POWDER SPRINGS — There’s a certain sense of family that many say comes with playing for the Dalton High School boys soccer team, but it’s a little different when the family is actually blood-related.

While the Catamounts celebrated the school’s fifth title in school history on Saturday at McEachern High School with a 4-1 win over Gainesville, many players were supported by those who have experienced it themselves — their brothers.

Brothers Cristian and Hernan Saldana, 2015 and 2016 Dalton High graduates, respectively, watched from the front row as senior and second-youngest of the family Tony Saldana led the Catamounts to the win with two goals. What was the first state title for Tony Saldana made the elder brothers realize just how much winning their titles with Dalton — 2013, 2014 and 2015 — meant to them.

"Since we were little we were always ready for it," Hernan Saldana said. "At that point, we were always more anxious to get (to the state championship) than nervous.

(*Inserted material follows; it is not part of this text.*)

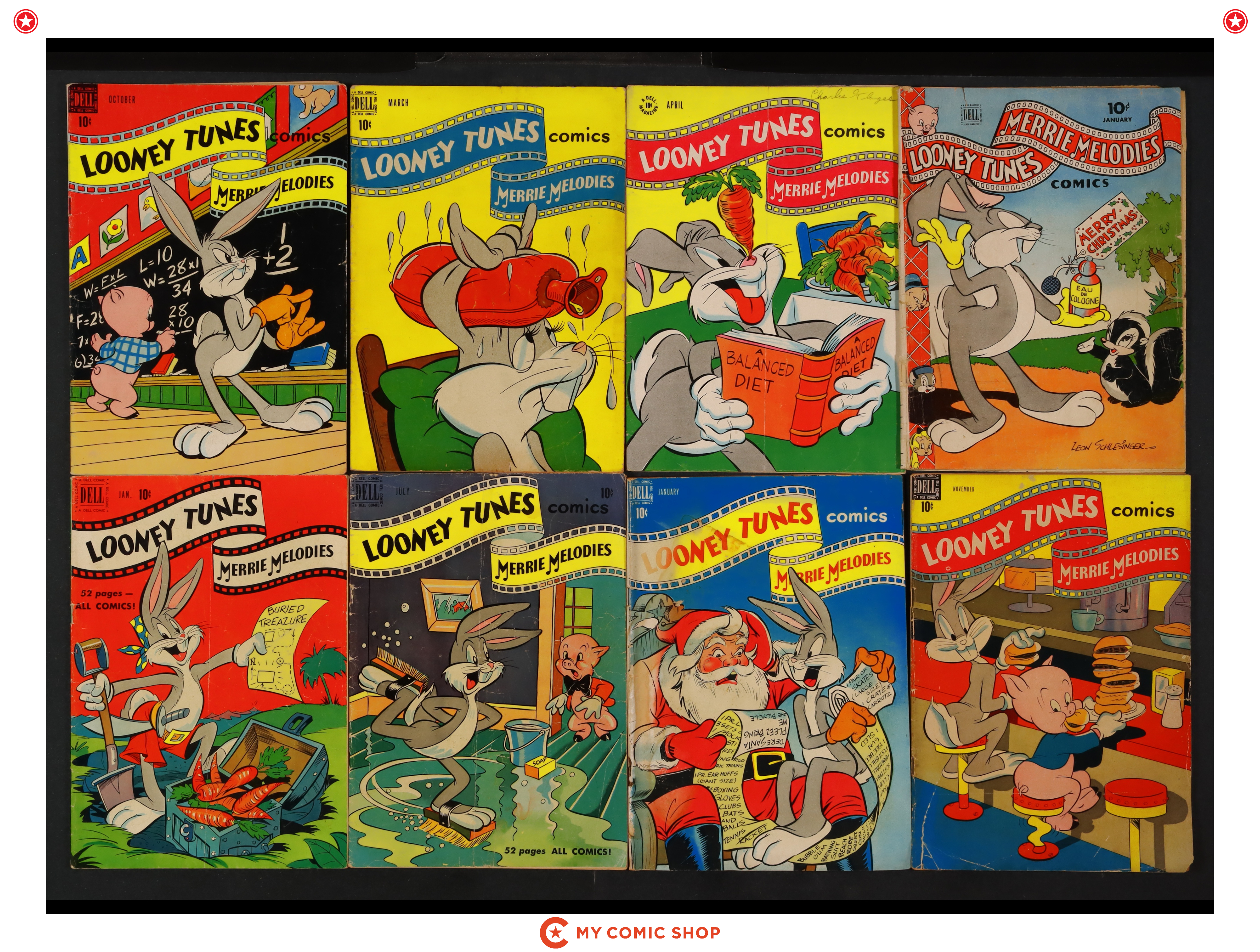 Issues 39, 66, 77, 84, 85, 87, 105, 111, 112, 115 of Looney Tunes and Merrie Melodies (1941-1962 Dell). Most will grade in the FR/GD to GD/VG range.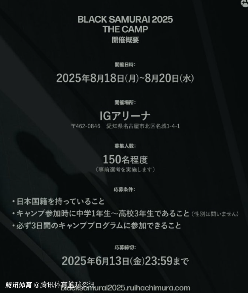 2025-05-08 19:50北京时间5月8日,八村垒在个人社媒宣布自己将举办“黑武士训练营”,地点定在名古屋的IG体育馆,时间定于8月18号-20号,届时将有150名持日本国籍的初高中球员参加。

"I definitely miss that high school atmosphere because there's so many people here."

Watching their baby brother finally get his title was something Cristian Saldana said he couldn’t describe. Tony Saldana scored both of his goals before halftime.

"It's amazing. I'm speechless," Cristian Saldana. "It's his senior year, so I'm pretty sure this means everything to him. Ever since the beginning of the season, he's just been talking about how bad he wants this."

Besides the Saldanas, there was plenty more brotherly love to go around at Saturday's game.

Senior Ivan Mora's brother and former Catamount Eder Mora, a 2015 graduate now playing soccer at the University of Alabama at Birmingham, was cheering like he was at a professional soccer game. Ivan Mora sat out the championship game with an injured knee, but hugged his fellow teammates tightly after the final whistle.

"When (Eder) was in high school, I watched him work for his state championships and I just wanted to follow that up," he said. "Unfortunately he ended with more than me, but I'm thankful to have this one. I know he really wanted me to win one, too, because he sees how much effort and practice we put into it."

Adding to the Catamounts' cheering section, senior Harrison Fraire had a brother, Samuel, in attendance, while junior Miguel Perez's brother, Gerardo, also watched from the front row. Many other former Catamounts showed up to support the team, whether or not they had a blood-brother on the roster.

"Ultimately, the brotherhood is what gets you through it," Hernan Saldana said.

As he ran up and down the field Saturday, Tony Saldana was focused on making his final goal a reality. But he still said he could feel the support.

"It's been three years my brothers have been bugging me about not having a ring," he said. "They don't have any room to talk anymore.

"It's been such an unforgettable journey that I will remember for the rest of my life. It means everything that they are here. It's crazy to see all these people, but they are the only ones I hear. Everyone else in the atmosphere is great, but there are always certain voices I hear over the thousand in the crowd, and they are definitely some of them."